### WORK INSTRUCTIONS:
Word for word, copy the lines from the one with "- 3x 250g Brazília" to the last line of the data below, counting both, and keep every picture out.

### SOURCE MATERIAL:
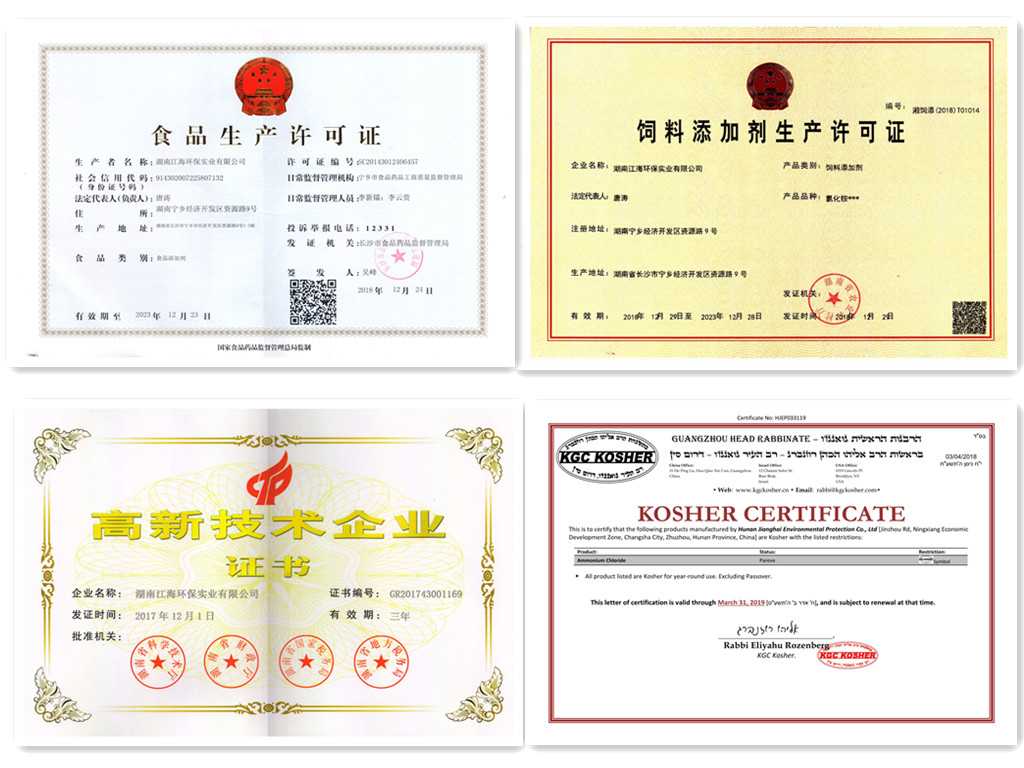 湖南江海環保實業有限公司圍繞環保、節能、資源綜合利用的科學理念,確立了依靠科技走精品路線,一直把高(高品質)、純(純度高)、特(特種用途)作為我產品的發展方向,我廠高純工業氯化銨主要包括分析級氯化銨、醫藥級氯化銨、食品添加劑氯化銨、飼料添加劑氯化銨、電子級氯化銨、電池級氯化銨、精制型低鉀鈉氯化銨,并獲得了食品衛生許可證、美國kosher認證等一系列質量認證,通過了SGS第三方、及省市檢驗機構的多重檢測。
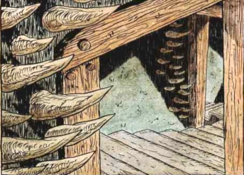 A coin vault was located under the stairs to the cellar. It was accessed by removing a stone in the wall and operating a lever that released one of the steps, allowing it to be lifted up. All doorways that led to the stairs were decorated with what appeared to be dragon talons around the frames. It was hoped that the unusual appearance would discourage thieves or at least distract them into stealing something worthless. The adornments were actually made from rothé horn, reptile hide, and clay.[3]
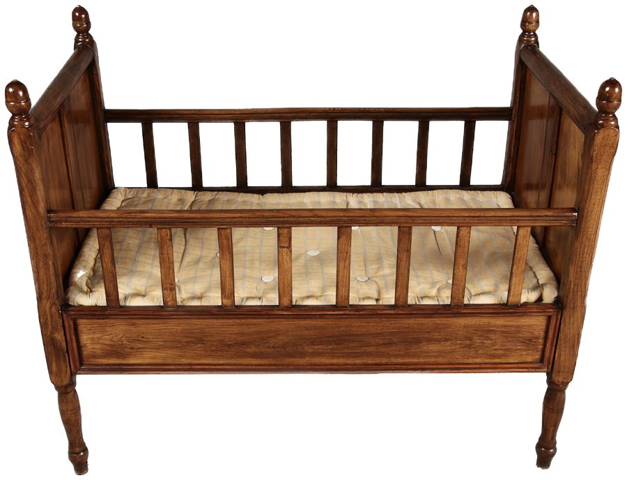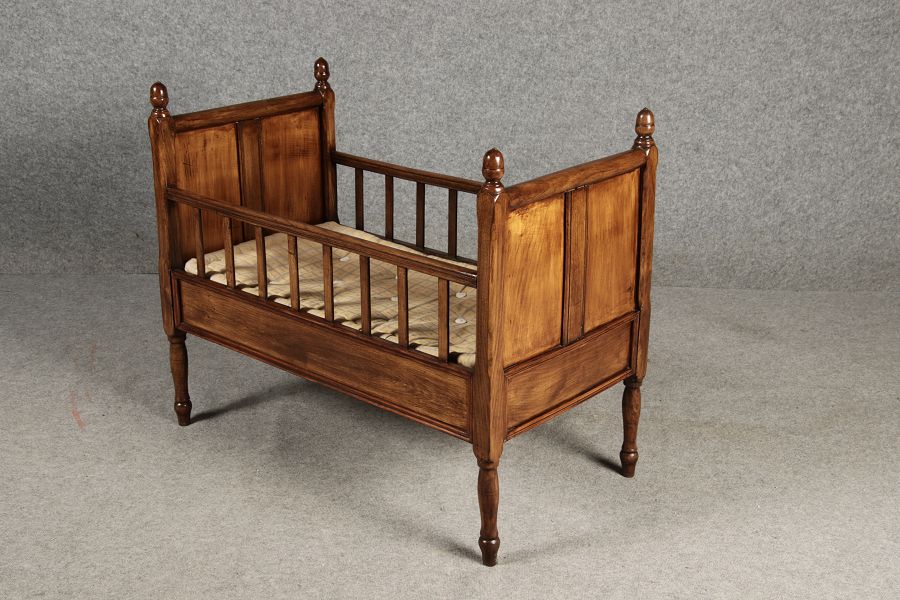 | Antikes Biedermeier Kinderbett Puppenbett 19 Jh. Nussbaum |
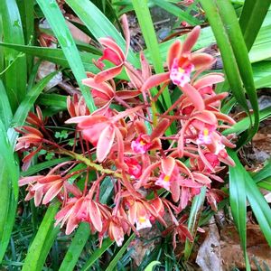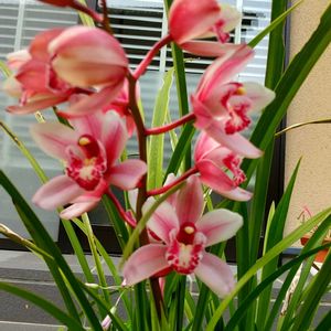 おはようございます🙇 地植えのシンビジウムです🍀 今年はこのお花が10本咲いてくれてにぎやかです🍀 いい日でありますように😃
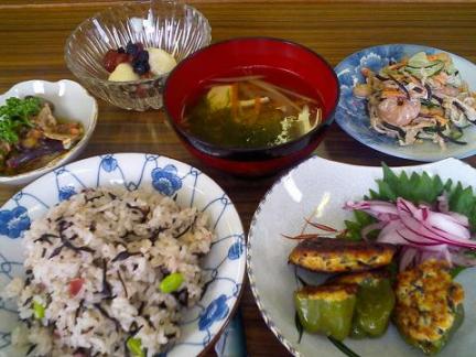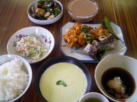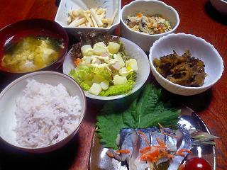 暑いですね~。こう暑いと食欲もなくなってしまいそうです。今日は、久しぶりに夕食のアップです。いつも同じようなものなんですけれど。五穀飯、しめさば、おからの煮物、ニガウリの煮物、山芋、ポテトサラダ、みそ汁シメサバは、宮崎から十日に一度くらい来られるおじさん(お兄さん?)から買っています。付け合わせの青じそとミョウガは裏庭で自然と生えてきたものです。ミニトマトは近所の方からのいただき物です。おからは、ずっと前に冷凍保存していたもの、一袋十円の1/4を使って、一応自家栽培のニラと残り野菜を入れています。ニガウリは、地元産でチリメンジャコとおかか入り山芋は細く切って酢醤油をかけただけポテトサラダは、つぶさずにマヨネーズを入れてさっとあえています。マヨネーズを減らすためです。輪切りにしたウインナーとミックスベジタブルも入れています。みそ汁には、ナスとえのき入り。(ナスはいただき物)五穀飯は、地元の農家の方が500g500円で温泉センターなどに出してあるものです。市販のものよりずっと安くておいしいんですよ。いつもより品数が多かったので久しぶりにアップしてみましたが…ニガウリの煮物(佃煮?)は、お勧めなのでレシピをご紹介しますね。友だちの友だちから教えてもらったものです。ニガウリ1kgに対して、濃口醤油100cc、薄口醤油50cc、酢100cc、砂糖200gです。シラス干しと調味料を入れて煮て、最後にカツオ節を入れてできあがり!今回は1本で作ったので、この分量の1/4にしました。濃口と酢を大さじ2杯、薄口大さじ1杯、砂糖大さじ4杯くらい?甘酸っぱくて苦みはほとんどなく、ご飯がいくらでもいけますよ。でも、私はニガウリの苦みも好きで、よくゴーヤチャンプル風にもしますけどね。原油高高騰に加えて、食品も値上がりしているのでできるだけ地元の旬の野菜を使ってヘルシーメニューをと思っています。ところで、先日は温かいお言葉をたくさんいただいてありがとうございました。みなさんもいろいろな思いをしながらブログを続けていらっしゃるんだと思うと何だかホッとしました。そうそう、お気づきかと思いますが、ニックネーム変えたんですよ。(今から二時間後に変わるそうですけど)秋桜サファイアは、9月の誕生花と誕生石なんですが、どちらも、もう他の人が使っていらっしゃったのでくっつけていたんです。でも、長いので秋桜だけにして☆や♪をつけようと思ったら☆秋桜、秋桜☆、☆秋桜☆、♪秋桜、秋桜♪、♪秋桜♪も…全部ダメだったんですよね~。それで、☆秋桜♪をしたらOKだったので、取りあえずこれに決めました。ちょうどみなさんからも「秋桜さん」とコメント欄に書いていただいたので、変える決心?が付きました。と言うわけで、これからは、☆秋桜♪でよろしくお願いします。あっみなさんは、秋桜だけで結構ですよ~。今日もご訪問ありがとうございました。
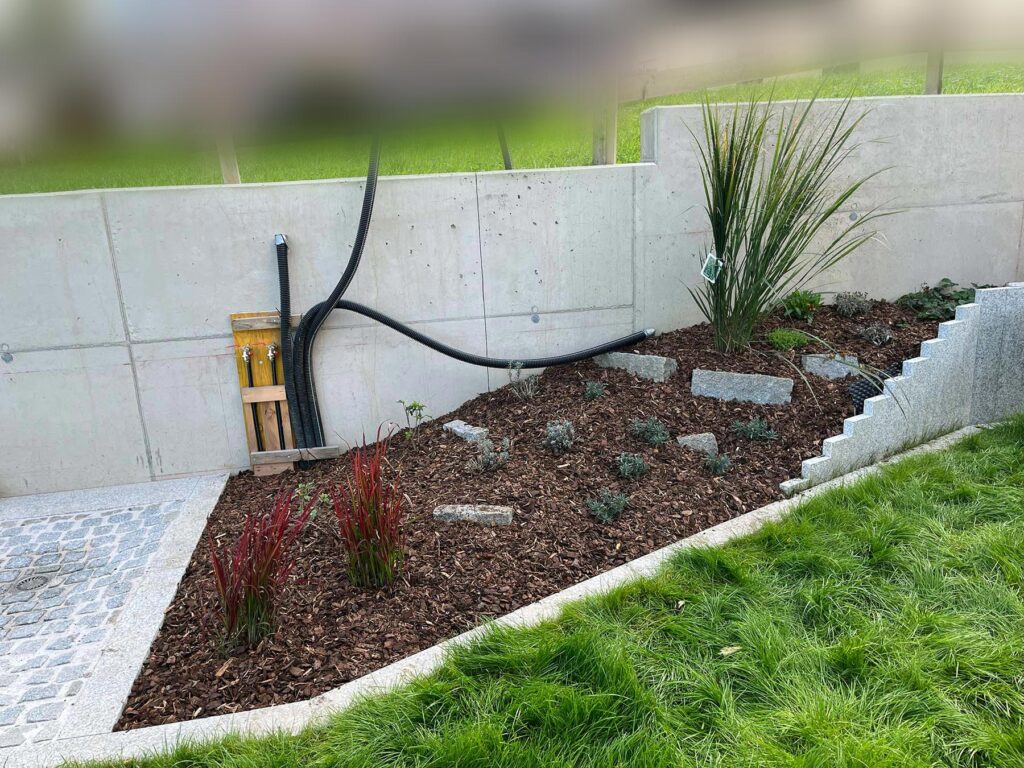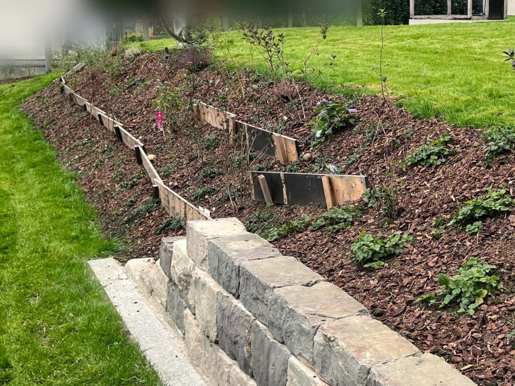 🧱 Abrutschsicherung: Bei schrägen Flächen rutscht der Rindenmulch schnell weg – spätestens beim ersten Regenschauer. In dem Fall können Steine (zB Granitsteine) oder Holzbretter als Abrutschsicherung verwendet werden.
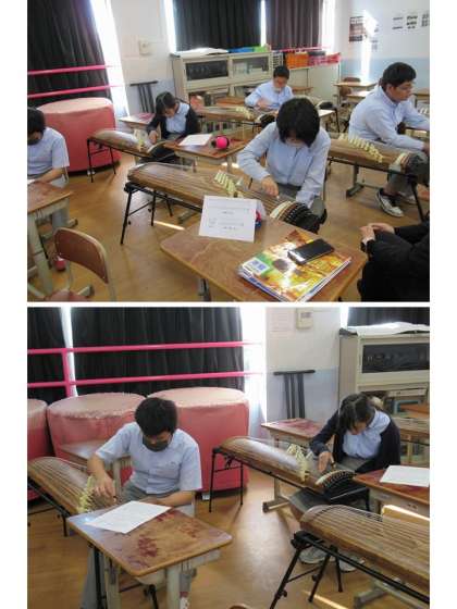 本日2限に、音楽室からきれいな和楽器の音色が聞こえてきました。思わず覗かせていただくと、4・5組の皆さんが、箏(こと)の演奏練習をしているところでした。
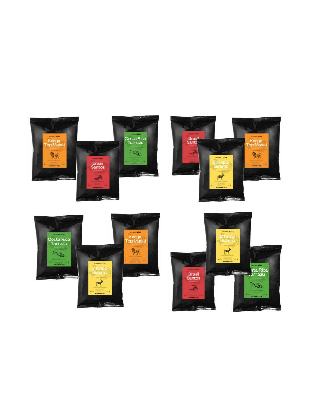 - 3x 250g Brazília Santos, 3x 250g Etiópia Sidamo, 3x 250g Costa Rica Tarrazú, 3x 250g Kenya Top Masai – mind közepesen pörkölt
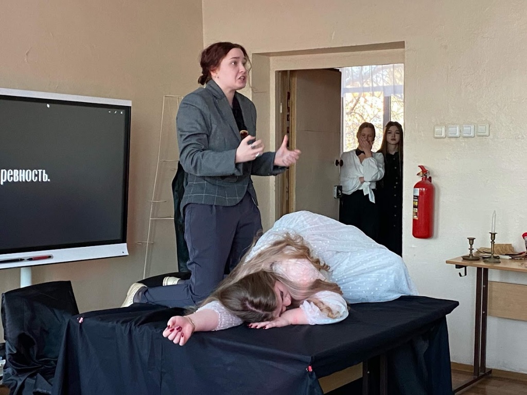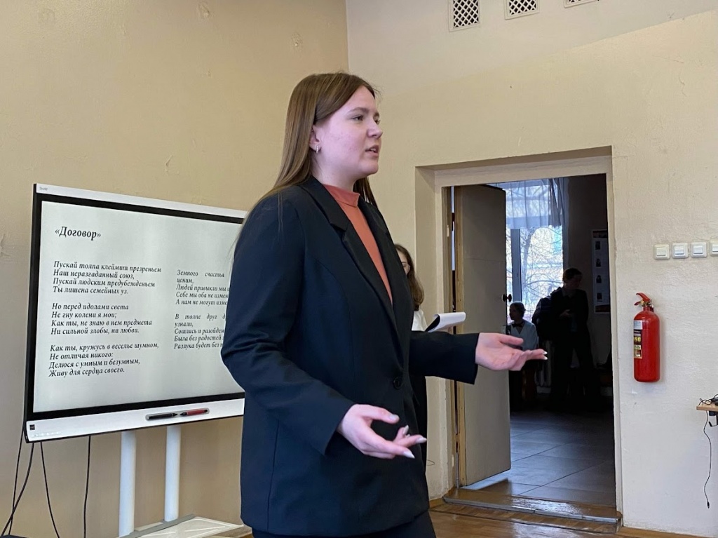 Следующей частью программы стала командная игра, в которой участники с большим энтузиазмом отвечали на вопросы о творчестве Лермонтова. Приятным сюрпризом стали уникальные призы – наклейки, посвященные произведениям поэта, которые мотивировали участников и подарили дух соперничества.
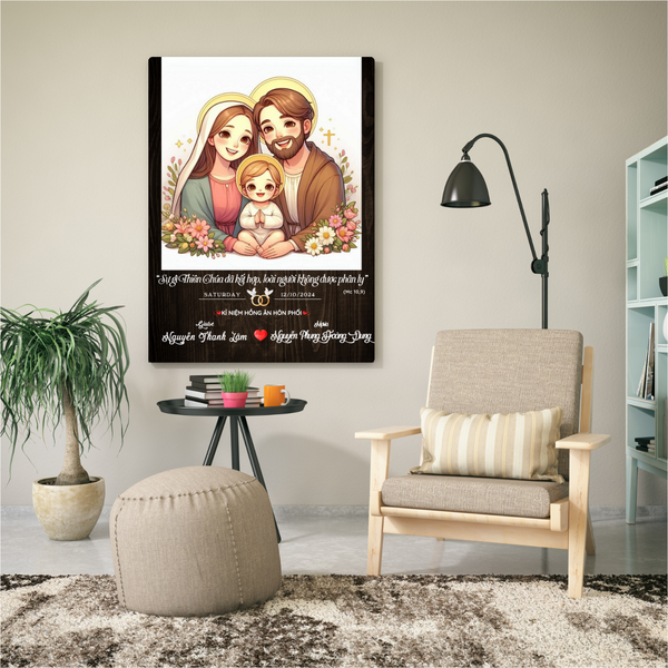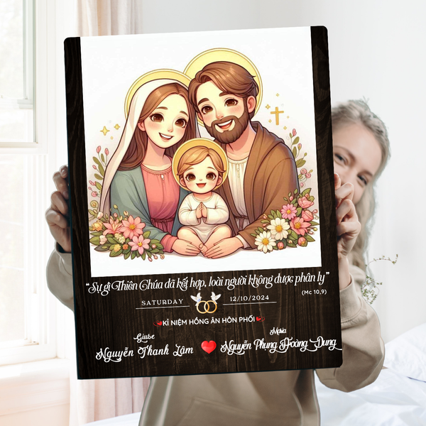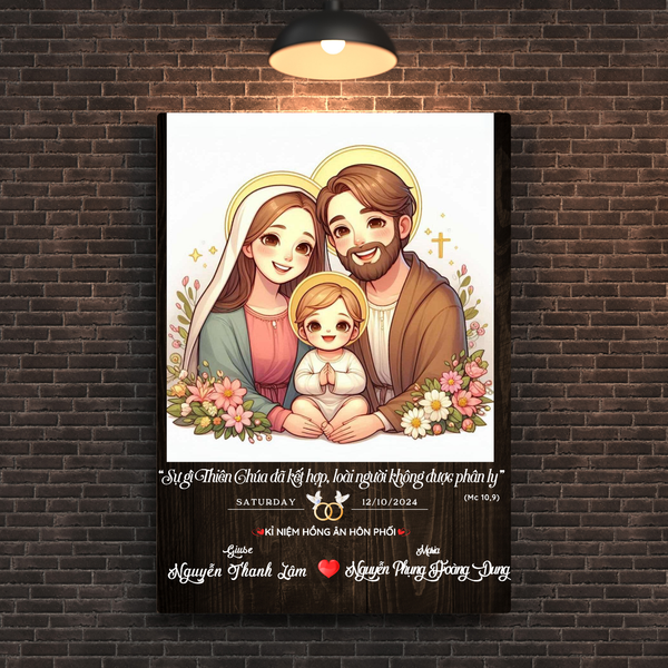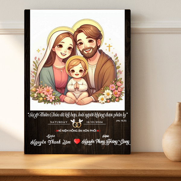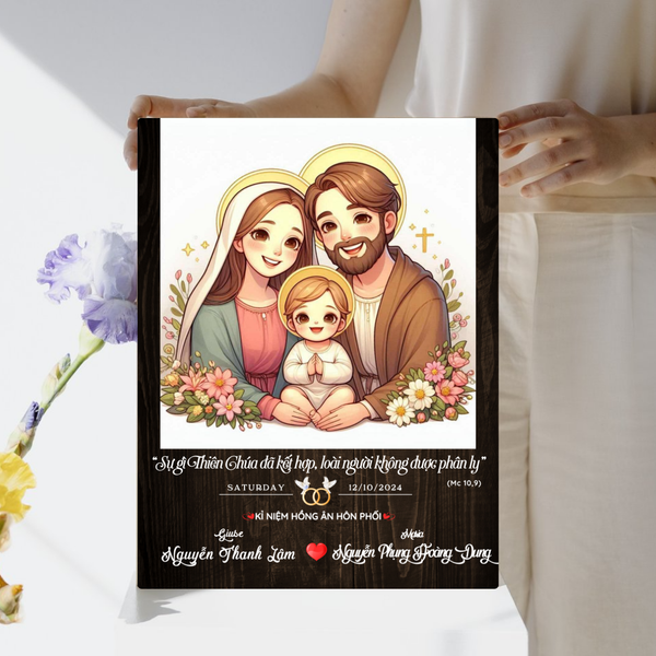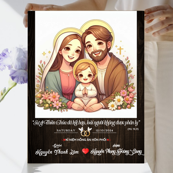 Không chỉ là một món quà vật chất, tranh gỗ mang đến giá trị tinh thần đặc biệt. Bạn có thể chọn những mẫu tranh kỷ niệm cưới in hình ảnh cặp đôi, lời chúc mừng hạnh phúc, hoặc những biểu tượng tôn giáo như hình ảnh của Chúa hoặc Đức Mẹ theo phong cách chipi , thể hiện tình cảm và sự chúc phúc chân thành.

### ANSWER:
 - 3x 250g Brazília Santos, 3x 250g Etiópia Sidamo, 3x 250g Costa Rica Tarrazú, 3x 250g Kenya Top Masai – mind közepesen pörkölt
 Следующей частью программы стала командная игра, в которой участники с большим энтузиазмом отвечали на вопросы о творчестве Лермонтова. Приятным сюрпризом стали уникальные призы – наклейки, посвященные произведениям поэта, которые мотивировали участников и подарили дух соперничества.
 Không chỉ là một món quà vật chất, tranh gỗ mang đến giá trị tinh thần đặc biệt. Bạn có thể chọn những mẫu tranh kỷ niệm cưới in hình ảnh cặp đôi, lời chúc mừng hạnh phúc, hoặc những biểu tượng tôn giáo như hình ảnh của Chúa hoặc Đức Mẹ theo phong cách chipi , thể hiện tình cảm và sự chúc phúc chân thành.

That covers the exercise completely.